BEGIN Provided information

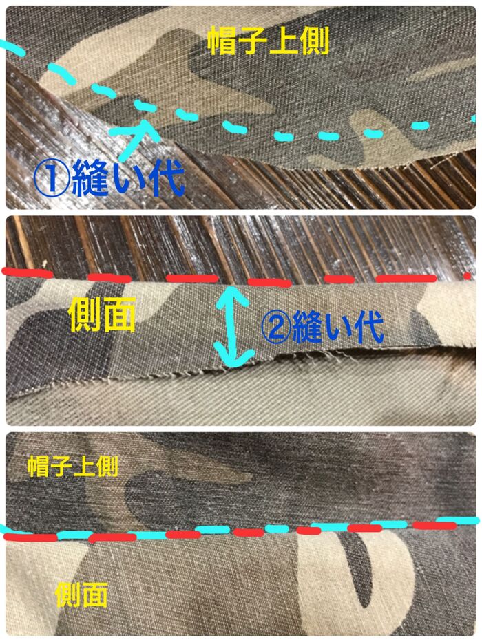 帽子の上側とつばをそれぞれ2枚重ねで切ります。
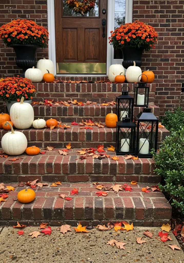 This brick front porch feels beautifully traditional. Cream and orange pumpkins line the steps, framed by deep orange mums and black lanterns. A scattering of red and yellow leaves completes the look, adding that natural fall touch that feels effortless.
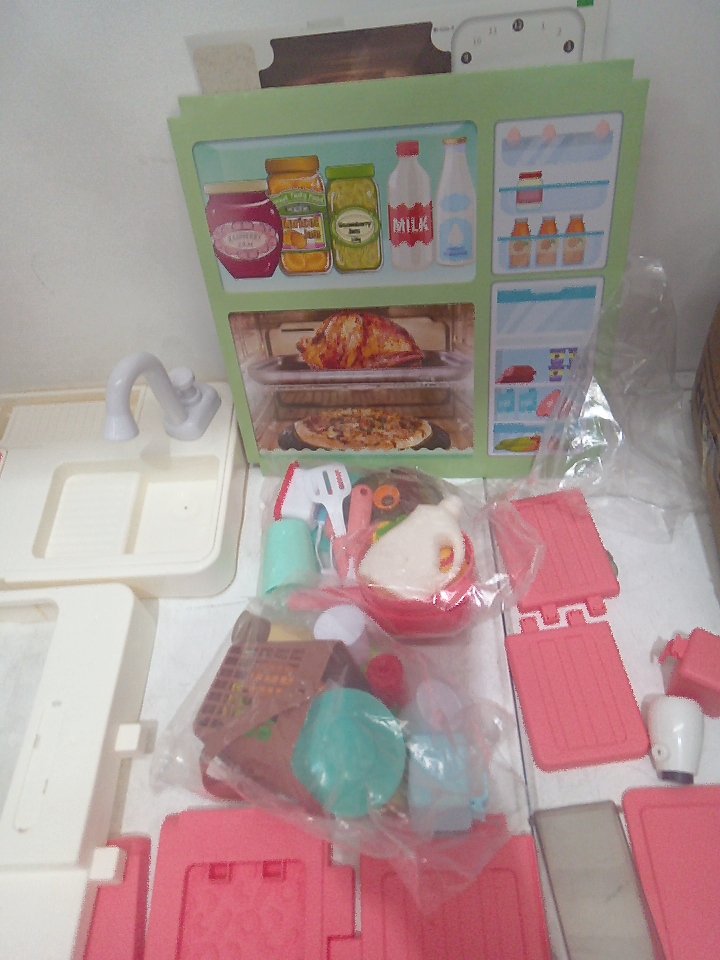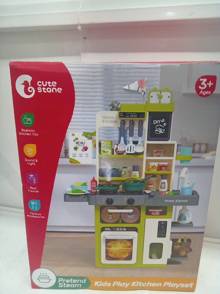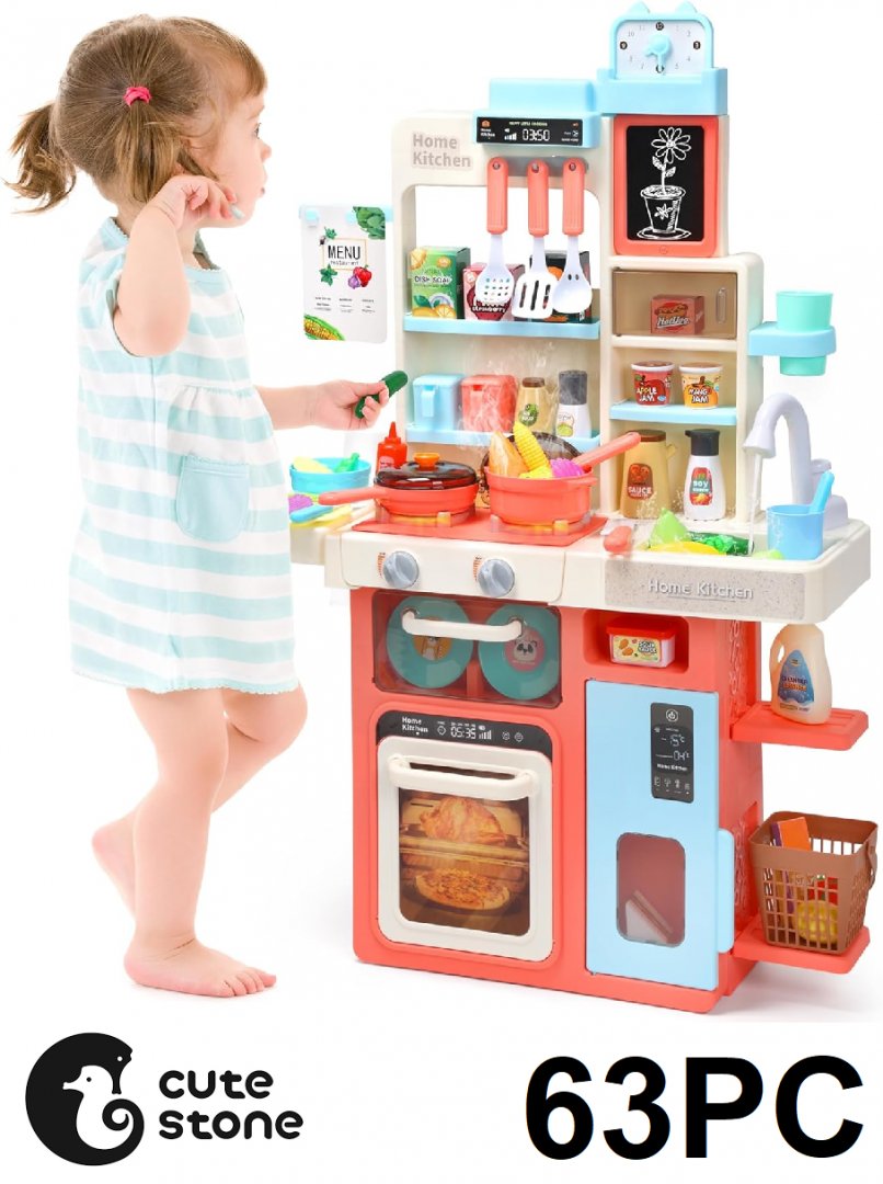 63PC CUTE STONE PRETEND PLAY KITCHEN - WATER SINK - STOVE WITH STEAM LIGHT AND SOUND - PLAY KITCHEN SET WITH POTS, UTENSILS - PINK
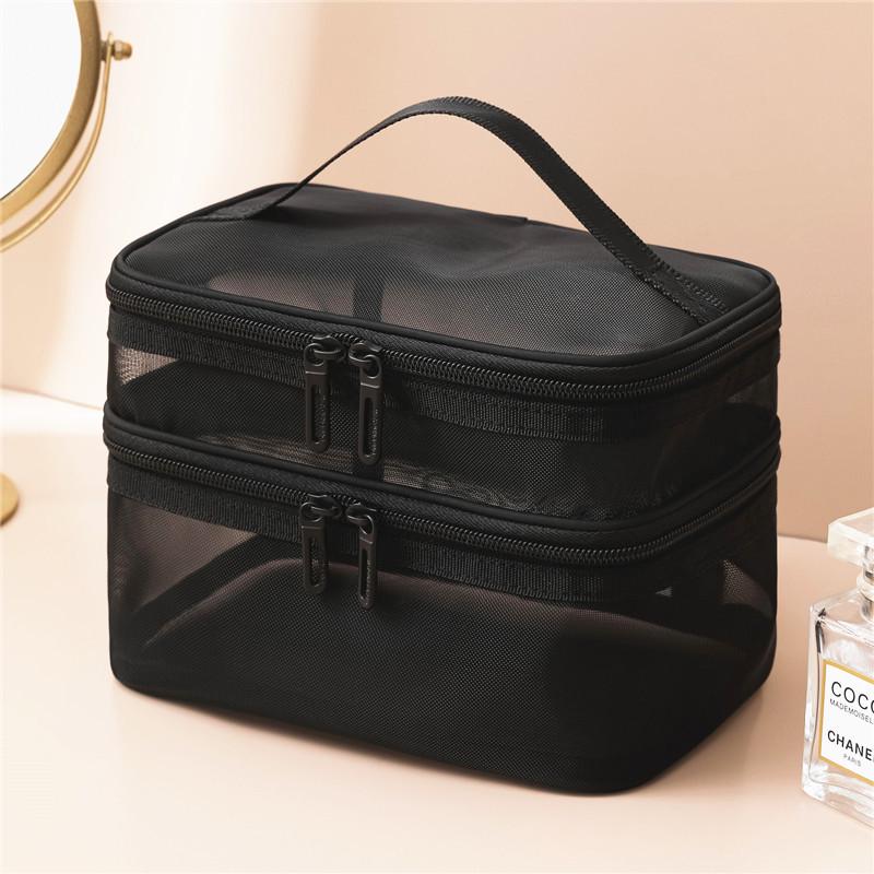 Double-Layer Nylon Mesh Travel Cosmetic Bag - Large Capacity, Transparent, Handheld Toiletry Organizer
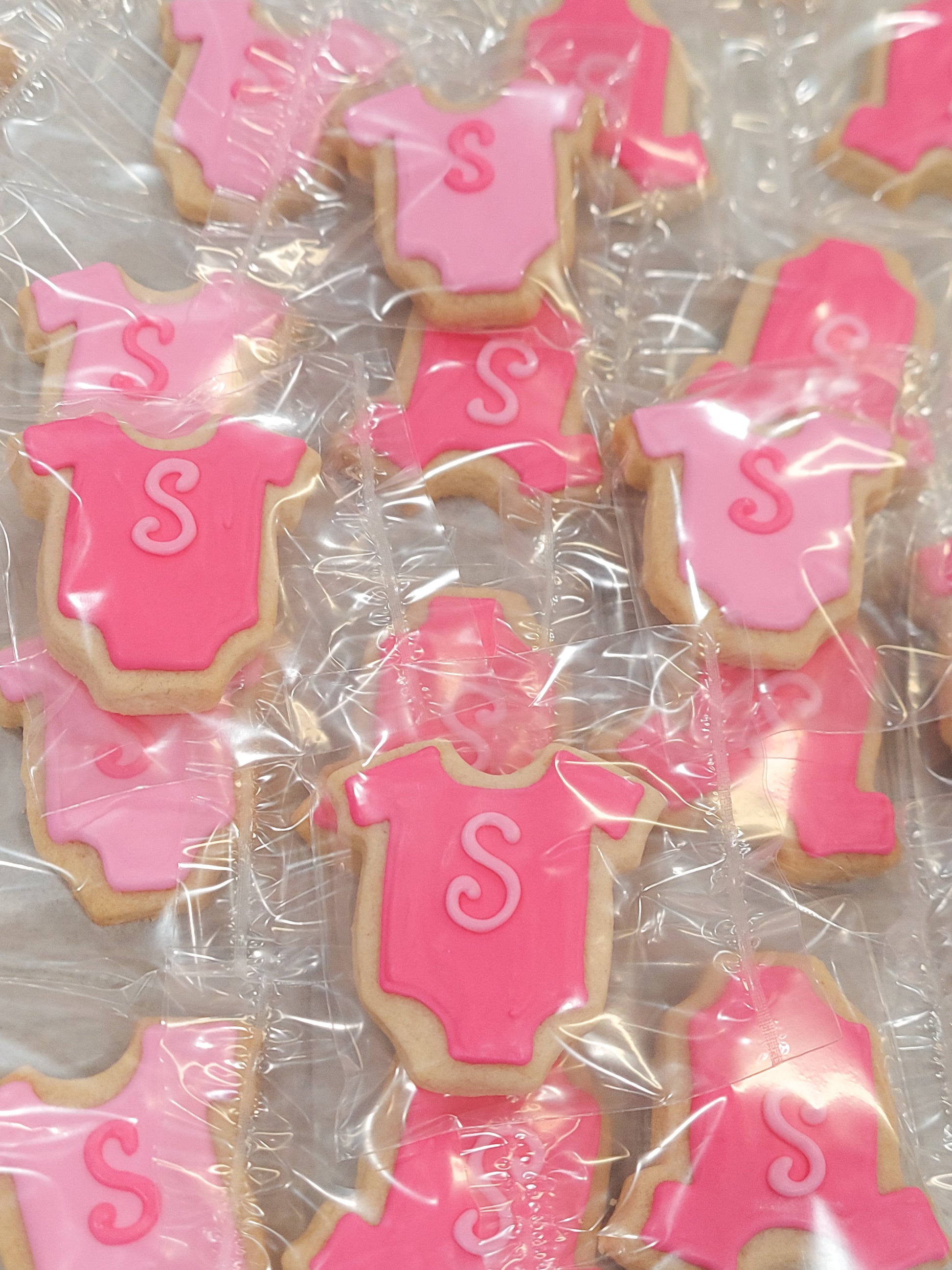 They are the cutest little onesie cookies with a pretty initial on them. I cannot wait to serve them at my daughter's baby shower. They are individually wrapped, so I know they are going to be fresh and delicious. Thank you so much!
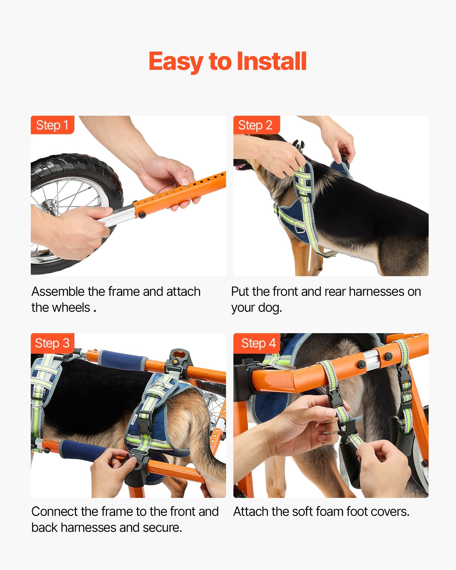 - Quick Setup, Beginner-Friendly: Spring buckles and simple screw adjustments allow you to assemble dog walker wheelchair in minutes. Once installed, it stays secure without frequent readjustment. Includes a 2 m leash for hassle-free outdoor use.
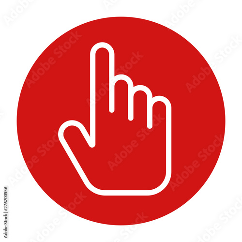 Obraz premium Hand cursor click icon flat red round button vector illustration
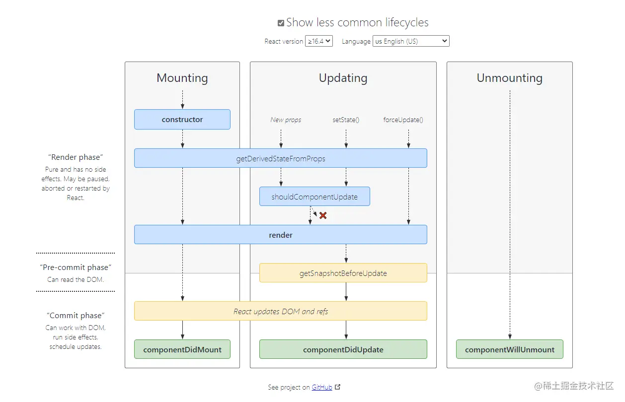 **注意:**本文所介绍的生命周期为 React 17.0.1 版本,读者时期也许会有改动,最终生命周期等方法和过程请以官网为主,react 官网
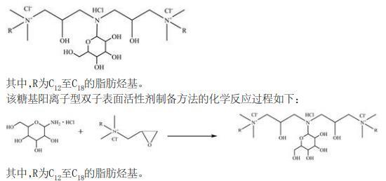 將所需量的2,3-環(huán)氧丙基-N,N-二甲基烷基氯化銨和氨基葡萄糖鹽酸鹽溶于水中,反應(yīng)后,得到糖基陽(yáng)離子型雙子表面活性劑的水溶液,其中,2,3-環(huán)氧丙基-N,N-二甲基烷基氯化銨與氨基葡萄糖鹽酸鹽的摩爾比為2至2.2:1,2,3-環(huán)氧丙基-N,N-二甲基烷基氯化銨與氨基葡萄糖鹽酸鹽的總質(zhì)量與水的質(zhì)量比為1:9。
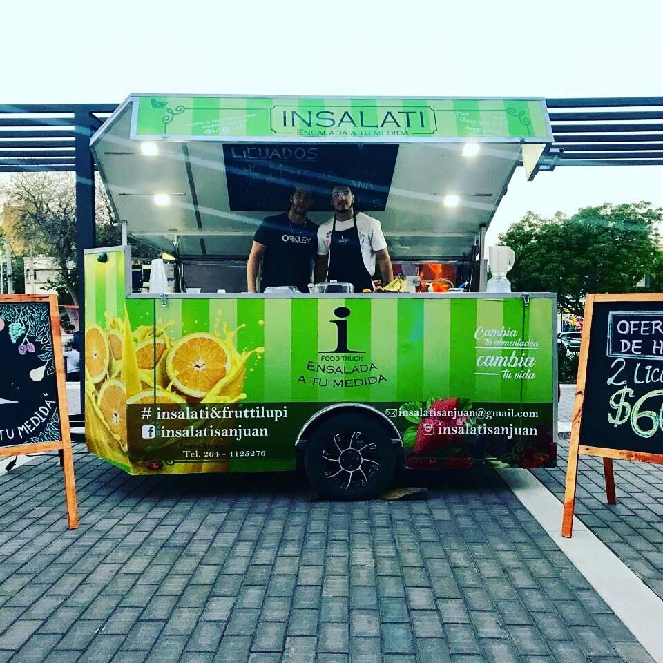 Verduras y frutas son la materia prima de Insalati, el trailer que algunos fines de semana se instala frente a la plaza principal de Rawson o que en su defecto, se puede encontrar en muchos eventos ligados al deporte y la vida sana.

END Provided information

**What needs to be done**
Write the material out again word for word and omit any images.

**Response**
 帽子の上側とつばをそれぞれ2枚重ねで切ります。
 This brick front porch feels beautifully traditional. Cream and orange pumpkins line the steps, framed by deep orange mums and black lanterns. A scattering of red and yellow leaves completes the look, adding that natural fall touch that feels effortless.
 63PC CUTE STONE PRETEND PLAY KITCHEN - WATER SINK - STOVE WITH STEAM LIGHT AND SOUND - PLAY KITCHEN SET WITH POTS, UTENSILS - PINK
 Double-Layer Nylon Mesh Travel Cosmetic Bag - Large Capacity, Transparent, Handheld Toiletry Organizer
 They are the cutest little onesie cookies with a pretty initial on them. I cannot wait to serve them at my daughter's baby shower. They are individually wrapped, so I know they are going to be fresh and delicious. Thank you so much!
 - Quick Setup, Beginner-Friendly: Spring buckles and simple screw adjustments allow you to assemble dog walker wheelchair in minutes. Once installed, it stays secure without frequent readjustment. Includes a 2 m leash for hassle-free outdoor use.
 Obraz premium Hand cursor click icon flat red round button vector illustration
 **注意:**本文所介绍的生命周期为 React 17.0.1 版本,读者时期也许会有改动,最终生命周期等方法和过程请以官网为主,react 官网
 將所需量的2,3-環(huán)氧丙基-N,N-二甲基烷基氯化銨和氨基葡萄糖鹽酸鹽溶于水中,反應(yīng)后,得到糖基陽(yáng)離子型雙子表面活性劑的水溶液,其中,2,3-環(huán)氧丙基-N,N-二甲基烷基氯化銨與氨基葡萄糖鹽酸鹽的摩爾比為2至2.2:1,2,3-環(huán)氧丙基-N,N-二甲基烷基氯化銨與氨基葡萄糖鹽酸鹽的總質(zhì)量與水的質(zhì)量比為1:9。
 Verduras y frutas son la materia prima de Insalati, el trailer que algunos fines de semana se instala frente a la plaza principal de Rawson o que en su defecto, se puede encontrar en muchos eventos ligados al deporte y la vida sana.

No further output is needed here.